Kate Allen has lived through a lot of trauma in her 15 years. Her mother left when she was a child, her father died before her eyes, and she was sent from the family-run B&B in New York City to live with her sister in a student-housing complex in London. Unable to deal with her grief, Kate lapses into self-loathing and isolation, develops memory-triggering fears to smells and tight spaces, and can’t seem to fit in at her new private school. She is in a bad way, and it takes time-travelling through a mysterious tunnel to Tudor England, assuming the identity of a young Katherine of Aragon, and adapting to a foreign, dangerous era to pull her out of it.
The concept of sending a troubled teen who couldn’t care less about history smack dab into the middle of it is interesting and on trend. Saskatchewan writer and educator Beverley Brenna hones in on the details of daily life in the Tudor court, including dining habits, hygiene, housekeeping, and fashion, while highlighting the era’s overarching attitudes and beliefs. For example, Kate hears details of the many executions of accused witches and of the king’s order to exterminate all wolves in the realm, calling attention to misogynistic beliefs and a disregard for the natural and animal worlds. By tempering these popular mindsets of the time with Kate’s observations of the social and physical conditions that lead to them, Brenna encourages readers to judge the past in context.

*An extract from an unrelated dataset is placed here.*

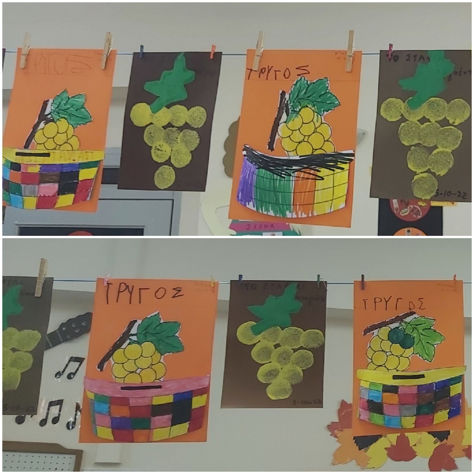 Η κληματαριά!!!! Ομαδική εργασία………Τύπωμα με σφουγγάρι!!!! Όσα δε φτάνει η αλεπού, τα κάνει κρεμαστάρια……..

The story’s action and drama set the stage for an exciting, emotional climax that unfortunately, never really materializes. Death and escape, an explanation for the time-travel tunnel, the meeting between Kate and the real Katherine of Aragon, and a new romantic plot for the young protagonist all spring up at the end of the novel, causing the story to feel rushed. That being said, Falling for Henry – part historical fiction, part fantasy, and part coming-of-age story – is an original and compelling depiction of a young person’s struggle through grief, and a thoughtful glimpse into a period that is often oversimplified.